How to Install Libraries permanently in Google Colab?
--
Most coders or developers use Google Colab for executing their prototypes very fast as it provides you access to faster GPUs like the T4 and P100. But sometimes your program requires a specific version of the libraries which are not installed in google colab to be installed. It becomes tedious and time-consuming to install dependencies in every run(installed dependencies are no longer available once runtime disconnects) of colab notebook.
Recently I got stuck on a similar problem. I have to install few large-sized libraries to run a program in colab, which takes too long to complete installation. But I want to run my program multiple times and thus need to avoid the installation of libraries in each run to decrease installation time. Which is not possible without installing dependencies permanently in google colab. So, In this blog, I will describe how I have successfully installed all the dependencies permanently in google colab.
First, mount the google drive using the following two lines of code.
from google.colab import drive
drive.mount("/content/drive")
After successfully mounting the google drive, Let’s create a virtual environment using virtualenv
library.

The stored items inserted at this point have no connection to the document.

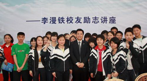 成長勵(lì)志講座上,李董事長結(jié)合自身在國家機(jī)關(guān)、合資企業(yè)、民營企業(yè)中的豐富工作經(jīng)歷,內(nèi)容深入淺出,語言準(zhǔn)確凝練,氣氛融洽自然,為一中學(xué)子提供了一份精神營養(yǎng)大餐。針對90后學(xué)生的特點(diǎn),他勸勉學(xué)弟學(xué)妹們要樹立正確的人生目標(biāo),求學(xué)時(shí)要勤奮努力、培養(yǎng)興趣、持之以恒、廣泛閱讀,為個(gè)人打下堅(jiān)實(shí)的知識基礎(chǔ);要注重智商和情商的共同提高,用積極的心態(tài)面對挫折,把困難當(dāng)做人生的一筆財(cái)富;要誠信感恩、養(yǎng)成良好學(xué)習(xí)和生活習(xí)慣,注重綜合素質(zhì)全面提升,力爭做家庭、學(xué)校、社會(huì)、國家的有用之才。勵(lì)志講座最后采用問答互動(dòng)的方式,李董對學(xué)弟學(xué)妹的紙條式問題一一解答,解答直接明了不做任何修飾和回避,正因?yàn)檫@種坦率的解答,現(xiàn)場氣氛達(dá)到高潮,不斷上臺與學(xué)長握手、擁抱、合影、索取簽名?;?dòng)的現(xiàn)身說法,為正值青春期的學(xué)生們身心健康發(fā)展提供了較大的激勵(lì)和榜樣作用。
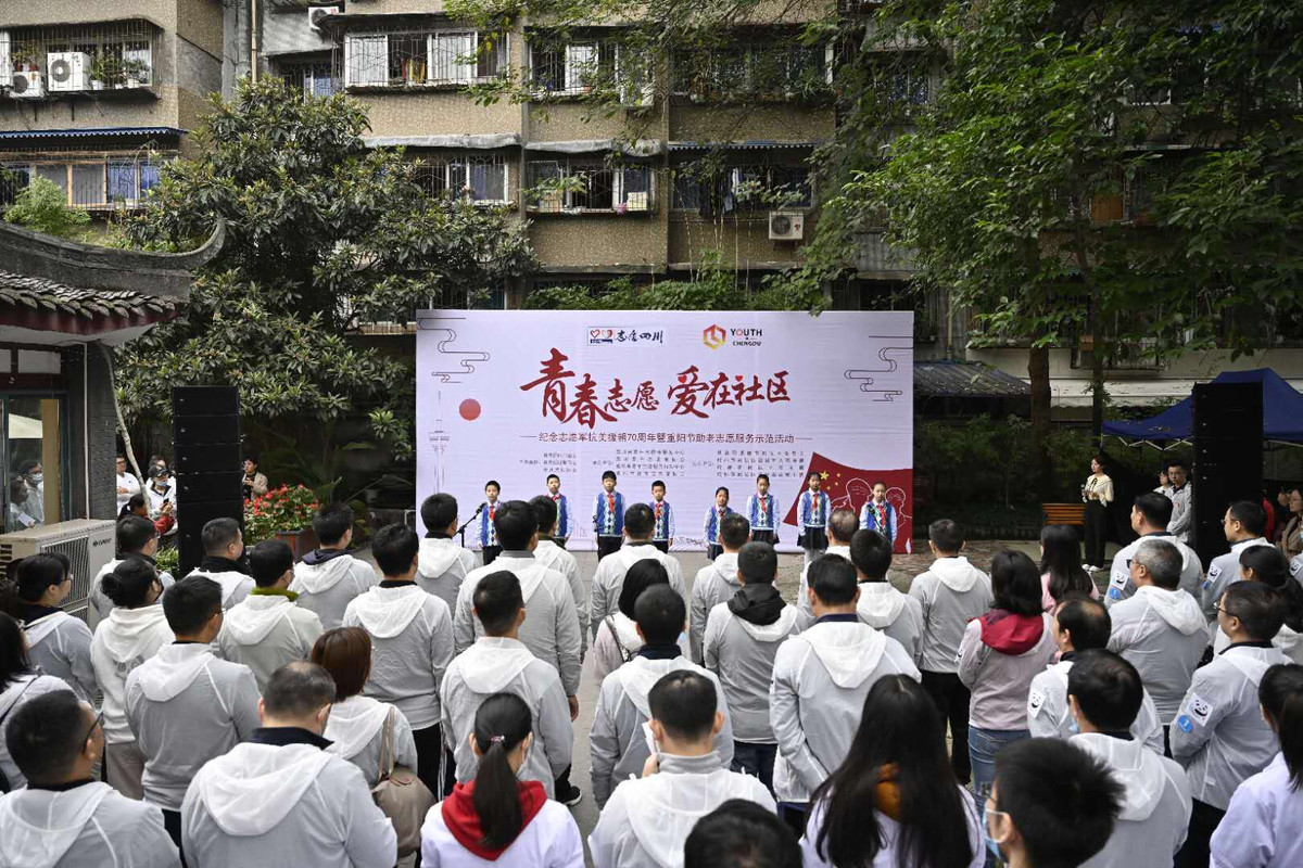 10月25日上午,在成都市武侯区院子文化创意园,举行了“青春志愿·爱在社区——纪念志愿军抗美援朝70周年暨重阳节助老志愿服务示范活动”。
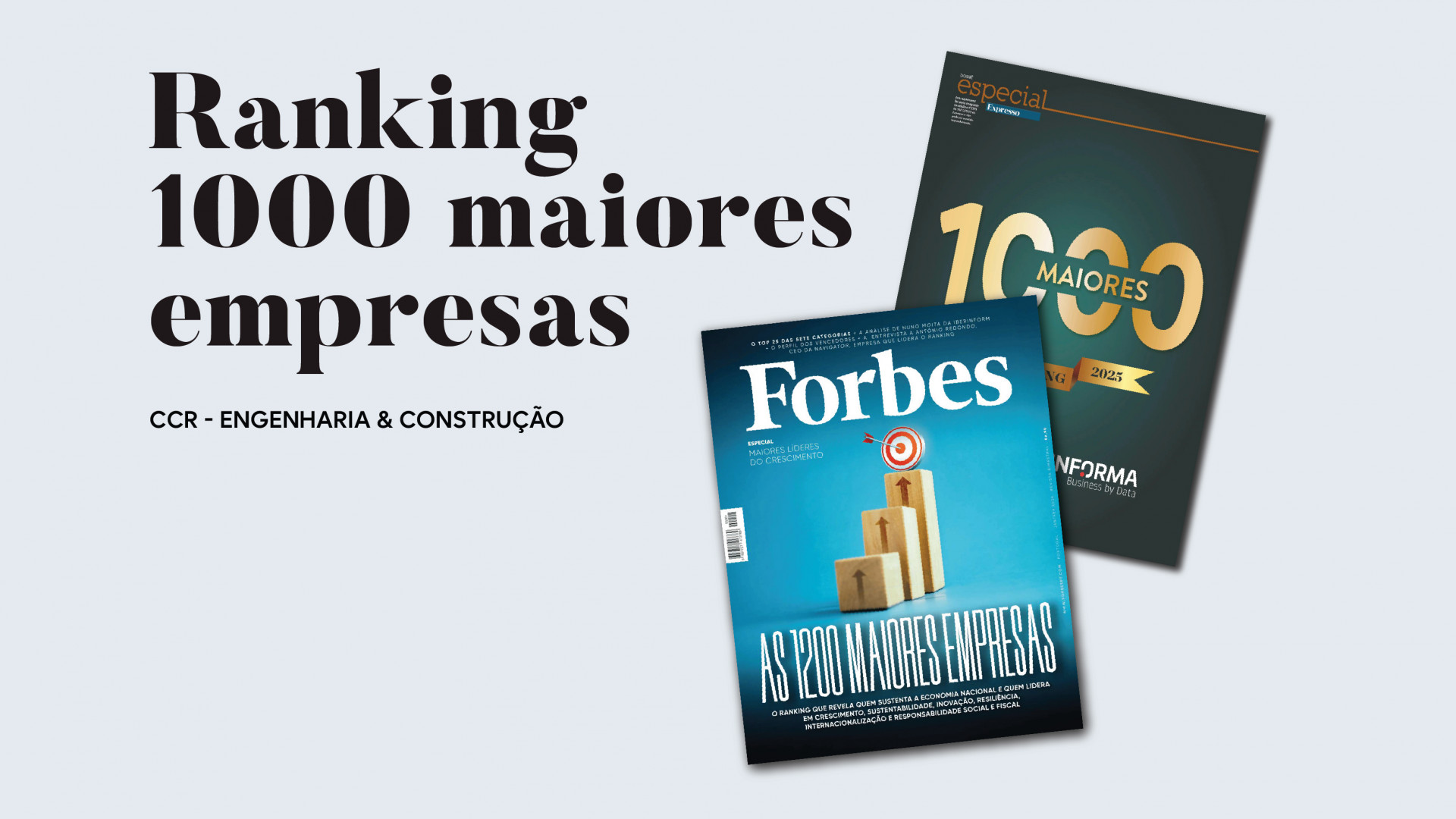 A CCR – Engenharia & Construção integra o ranking das 1000 Maiores Empresas em Portugal, um indicador objetivo da trajetória de crescimento sustentado registada nos últimos anos e da consolidação do seu posicionamento entre as empresas de maior relevância no setor da construção.

One thing to keep in mind is that, create a virtual environment inside your google drive, which is mounted above.
!virtualenv /content/drive/MyDrive/colab_env
Here you can see that, a virtual environment namedcolab_env
has been created in google drive.
Now let’s install a library named Pypdf
in virtual environment colab_env
. To install a library in the virtual environment, we should activate the environment first, and install the library in the same cell.
!source /content/drive/MyDrive/colab_env/bin/activate; pip install Pypdf
In the above line of code !source/content/drive/MyDrive/colab_env/bin/activate
activates our environment colab_env
. And pip install Pypdf
installs Pypdf
library within the environment.
from pypdf import PdfReader
reader = PdfReader("/content/Data science journey 3.pdf")

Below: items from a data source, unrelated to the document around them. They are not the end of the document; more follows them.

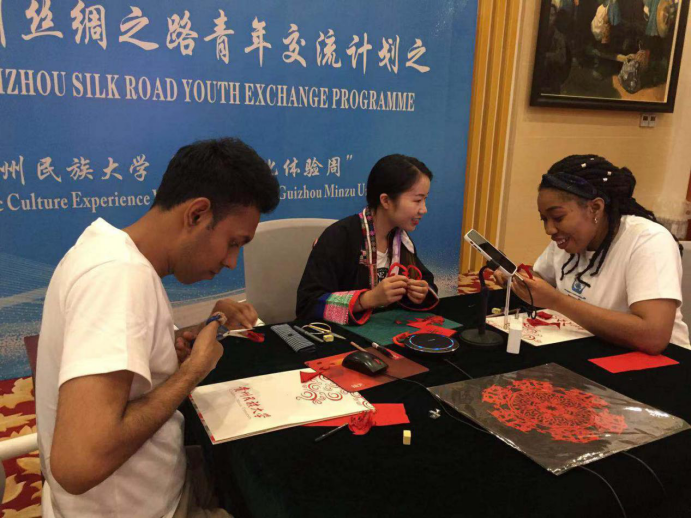 在为期7天的“民族文化体验周”活动中,贵州民族大学杨昌儒教授以贵州民族文化为主题作开课第一讲,并且组织了中国汉字及书法赏析、HSK考试介绍、实用汉语写作、HSKK考试介绍、商务汉语等语言课程,呈现了剪纸、茶文化、蜡染、五禽戏、陶瓷等文化体验课程。贴合外国学员水平的语言课程与文化体验课程穿插设置,让各国学员学习兴趣浓厚、收获颇丰。
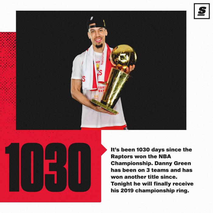 时隔1030天,猛龙旧将丹尼-格林终于当着猛龙球迷的面领取属于自己的总冠军戒指;由于新冠疫情和伤病的原因,这一刻,格林足足等了将近3年。
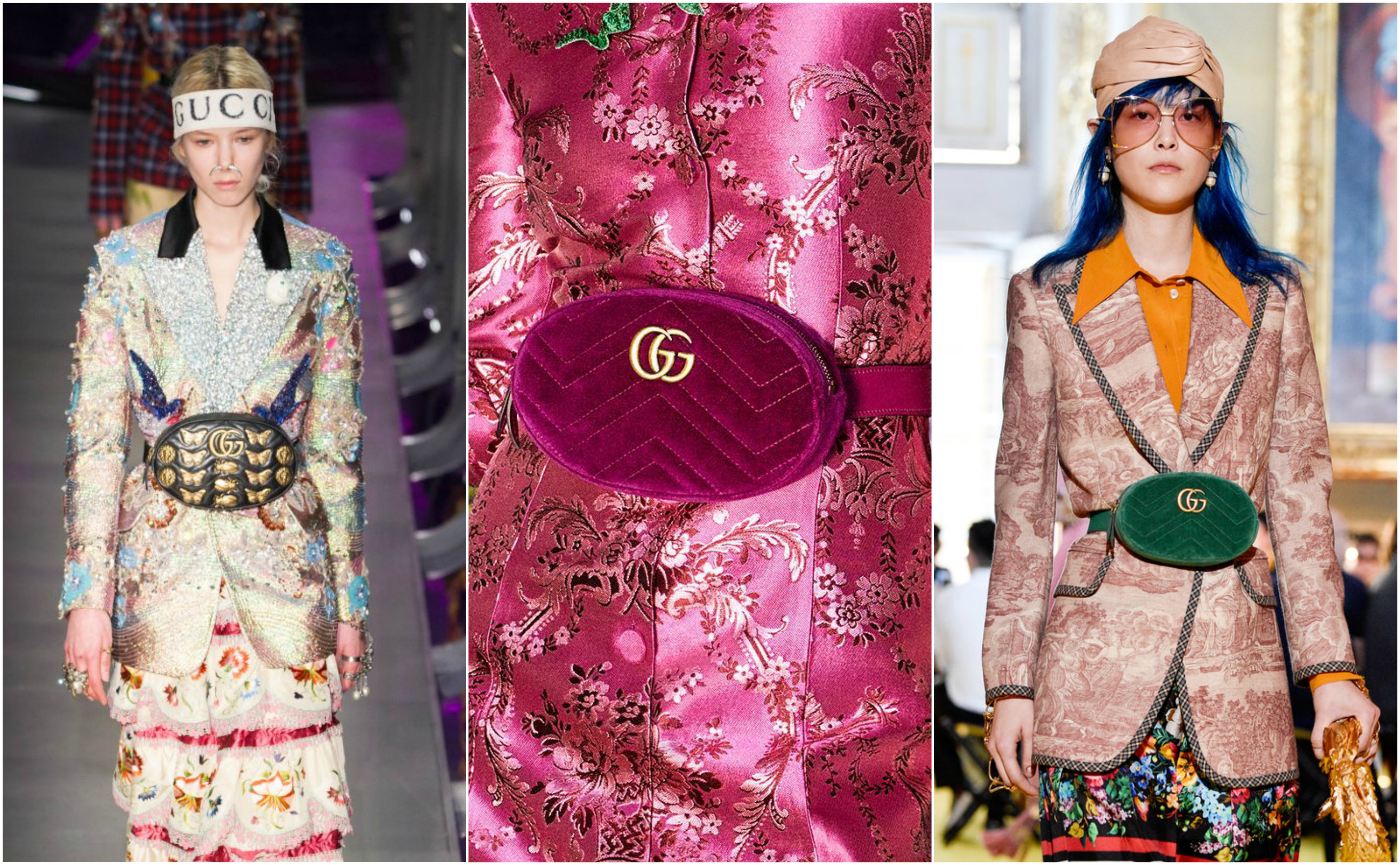A Gucci, por exemplo, foi uma das que incluiu as pochetes como parte integrante da coleção outono/inverno 2017/18.

number_of_pages = len(reader.pages)
print(number_of_pages)
Here, I have tried to run some functionalities of our newly installed Pypdf
library(a free and open-source pure-python PDF library capable of splitting, merging, cropping, and transforming the pages of PDF files).
But the above lines of codes throw an error i.e ModuleNotFoundError: No module named ‘pypdf’
.
So, what do you think, why can’t we import our newly installed library Pypdf
?. Here, we have installed Pypdf
in our virtual environment but our imported module search library in google colab runtime. In order to find the library installed on the virtual environment we should add the path of the virtual environmentsite-packages
to colab system path.
import sys
sys.path.append("/content/drive/MyDrive/colab_env/lib/python3.8/site-packages")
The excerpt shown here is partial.